• Task objective: Using the material below, print a verbatim copy of every line from the one containing "The system employs" through the one containing "این نقاشی الماسی", inclusive, and omit the pictures.

• Data shown:
──────────

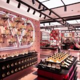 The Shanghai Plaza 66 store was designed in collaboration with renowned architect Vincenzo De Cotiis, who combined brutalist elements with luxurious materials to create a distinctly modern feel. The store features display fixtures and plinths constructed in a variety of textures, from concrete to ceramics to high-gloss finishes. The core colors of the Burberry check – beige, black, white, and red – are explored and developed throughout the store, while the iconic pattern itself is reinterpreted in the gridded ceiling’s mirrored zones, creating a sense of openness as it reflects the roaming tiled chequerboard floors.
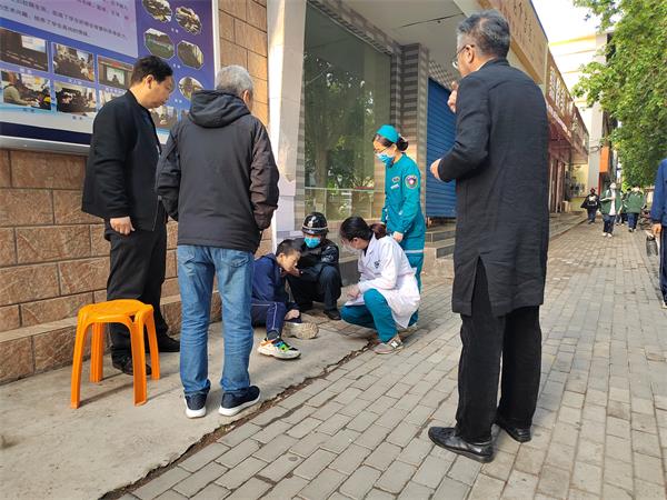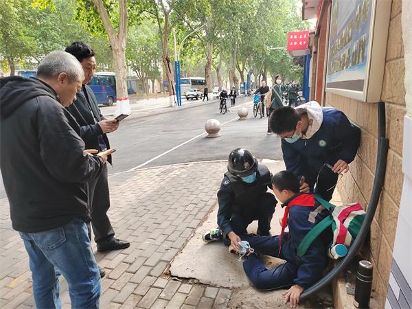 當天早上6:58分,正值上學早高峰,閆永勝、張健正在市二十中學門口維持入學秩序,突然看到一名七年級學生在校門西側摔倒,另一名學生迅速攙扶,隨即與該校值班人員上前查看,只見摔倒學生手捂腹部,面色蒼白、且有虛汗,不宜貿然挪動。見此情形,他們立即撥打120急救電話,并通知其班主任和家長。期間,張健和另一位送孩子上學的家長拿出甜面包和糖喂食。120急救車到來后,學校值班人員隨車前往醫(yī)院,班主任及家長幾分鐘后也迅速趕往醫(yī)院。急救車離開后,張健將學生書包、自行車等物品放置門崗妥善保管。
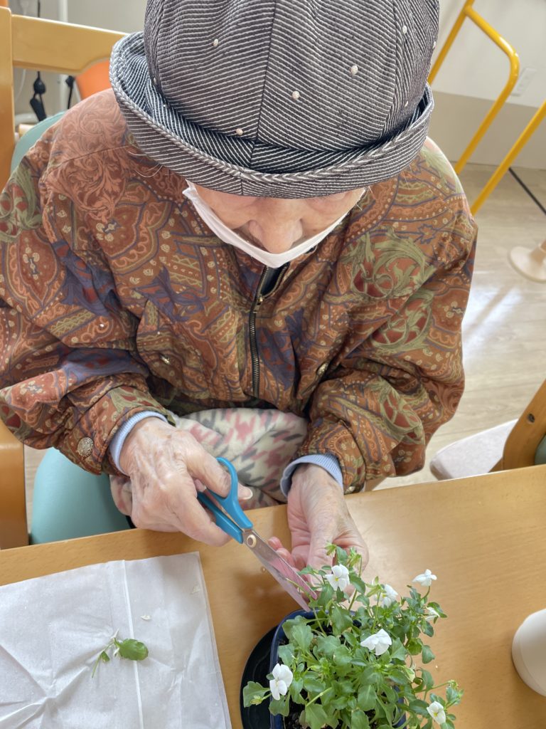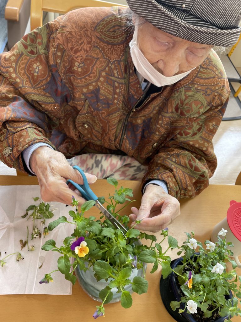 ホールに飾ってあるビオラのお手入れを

──────────

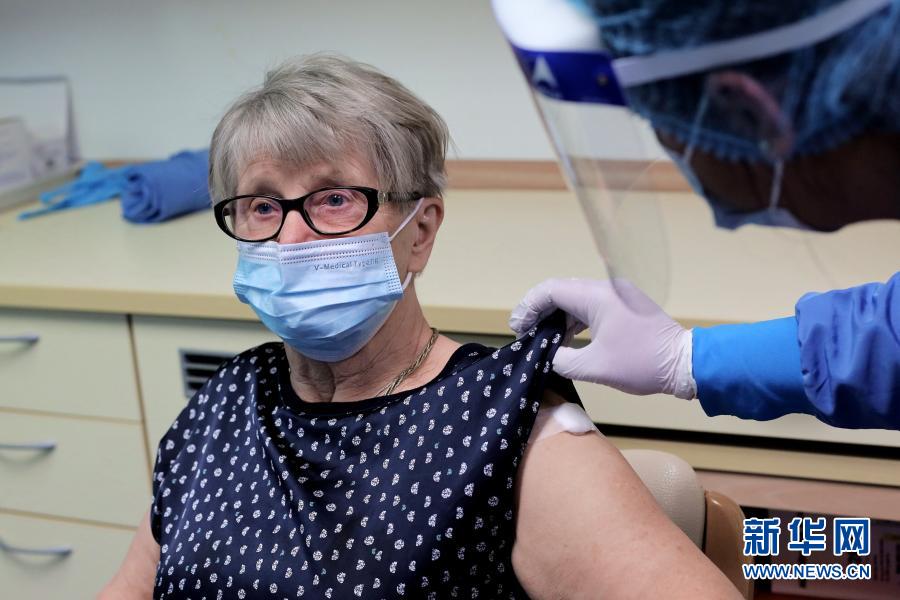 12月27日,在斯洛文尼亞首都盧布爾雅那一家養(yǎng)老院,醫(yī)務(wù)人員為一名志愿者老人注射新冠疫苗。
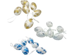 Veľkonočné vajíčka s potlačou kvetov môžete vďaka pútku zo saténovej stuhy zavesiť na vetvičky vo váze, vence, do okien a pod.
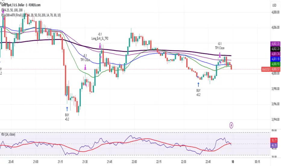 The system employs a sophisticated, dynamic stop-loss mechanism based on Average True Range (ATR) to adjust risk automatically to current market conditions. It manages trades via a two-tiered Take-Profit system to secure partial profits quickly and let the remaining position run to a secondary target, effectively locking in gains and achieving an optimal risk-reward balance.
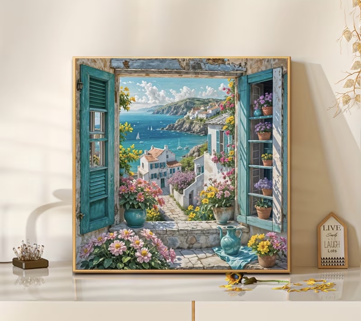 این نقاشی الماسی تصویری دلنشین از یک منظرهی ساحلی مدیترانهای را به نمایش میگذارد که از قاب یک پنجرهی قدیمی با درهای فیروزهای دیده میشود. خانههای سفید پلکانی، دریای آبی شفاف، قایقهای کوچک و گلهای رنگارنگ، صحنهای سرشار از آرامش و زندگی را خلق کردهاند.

──────────

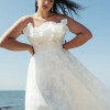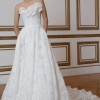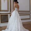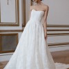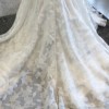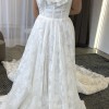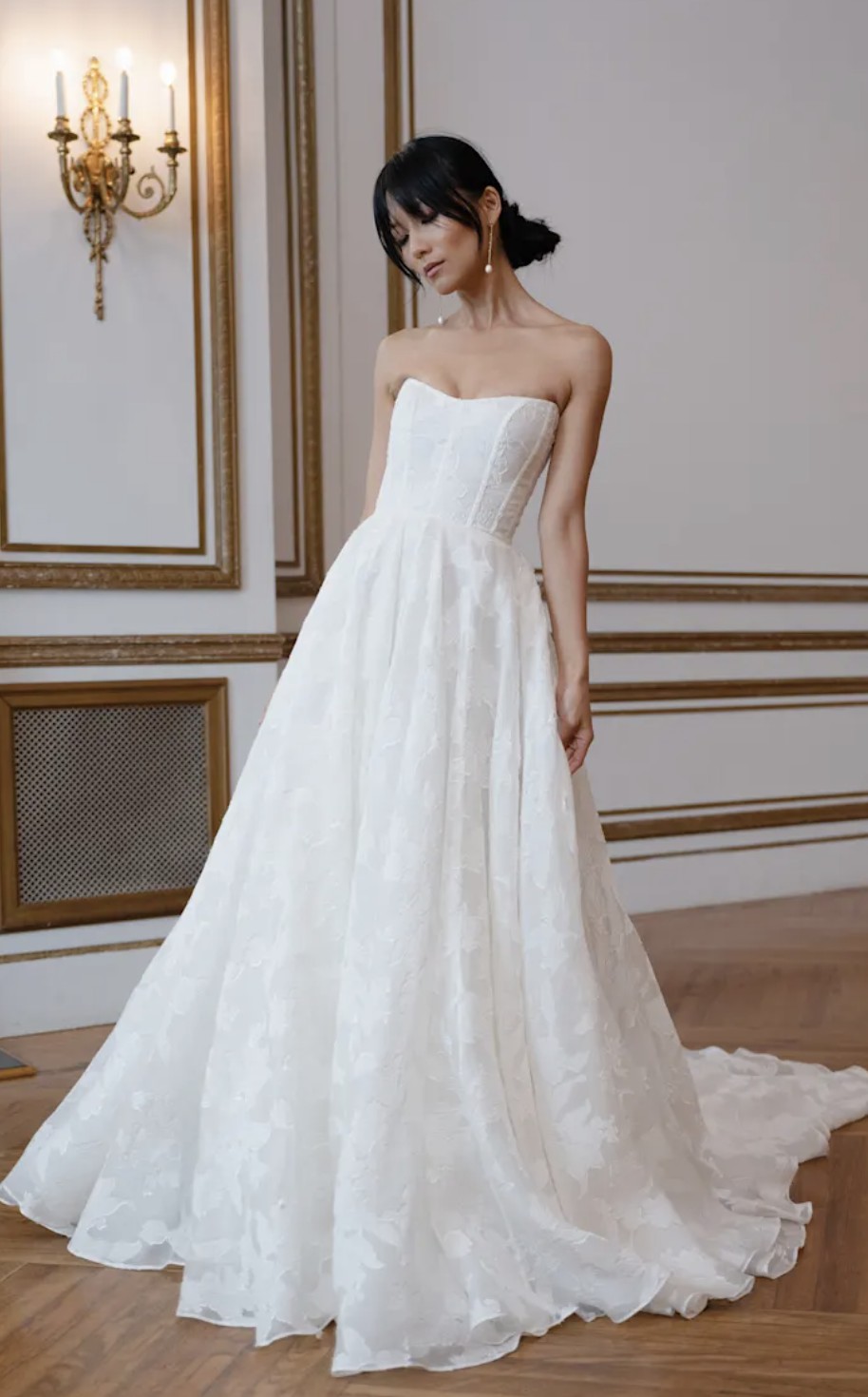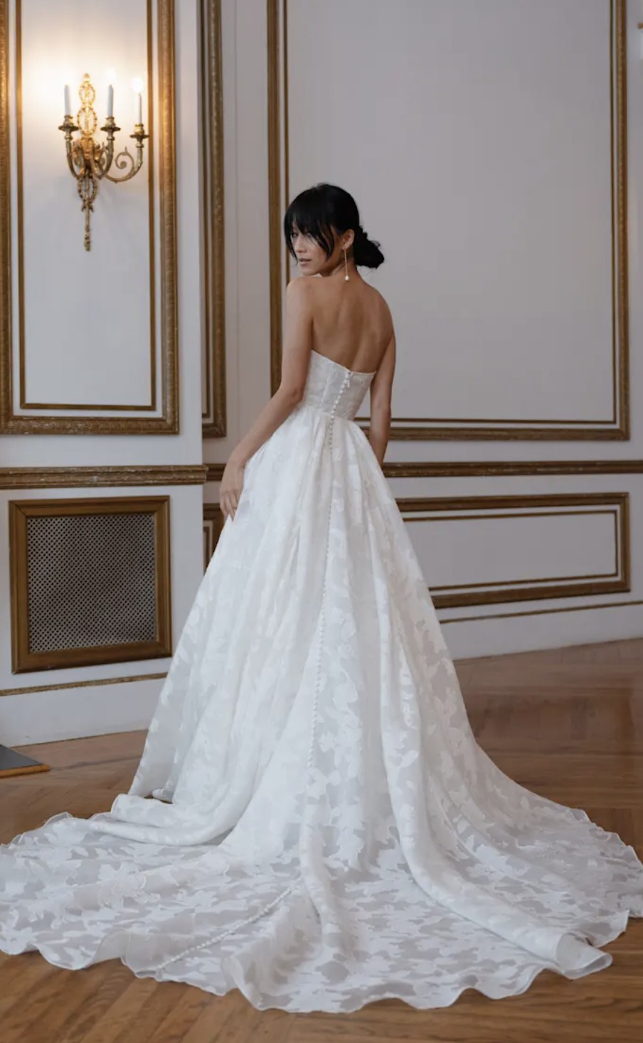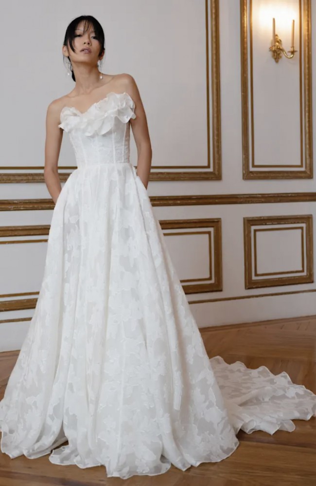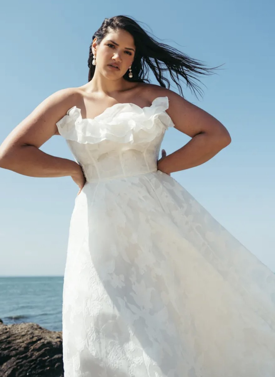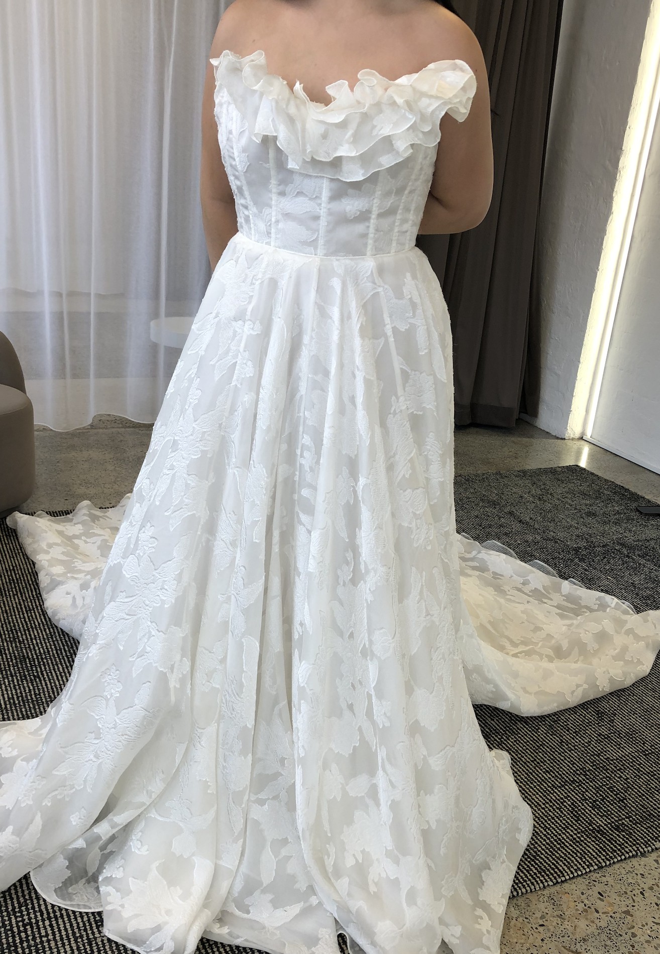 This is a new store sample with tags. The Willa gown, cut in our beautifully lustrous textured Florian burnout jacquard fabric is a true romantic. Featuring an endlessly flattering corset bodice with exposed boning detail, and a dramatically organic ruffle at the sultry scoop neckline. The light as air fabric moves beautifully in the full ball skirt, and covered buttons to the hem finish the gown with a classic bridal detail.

──────────

• Solution to this problem:
 The system employs a sophisticated, dynamic stop-loss mechanism based on Average True Range (ATR) to adjust risk automatically to current market conditions. It manages trades via a two-tiered Take-Profit system to secure partial profits quickly and let the remaining position run to a secondary target, effectively locking in gains and achieving an optimal risk-reward balance.
 این نقاشی الماسی تصویری دلنشین از یک منظرهی ساحلی مدیترانهای را به نمایش میگذارد که از قاب یک پنجرهی قدیمی با درهای فیروزهای دیده میشود. خانههای سفید پلکانی، دریای آبی شفاف، قایقهای کوچک و گلهای رنگارنگ، صحنهای سرشار از آرامش و زندگی را خلق کردهاند.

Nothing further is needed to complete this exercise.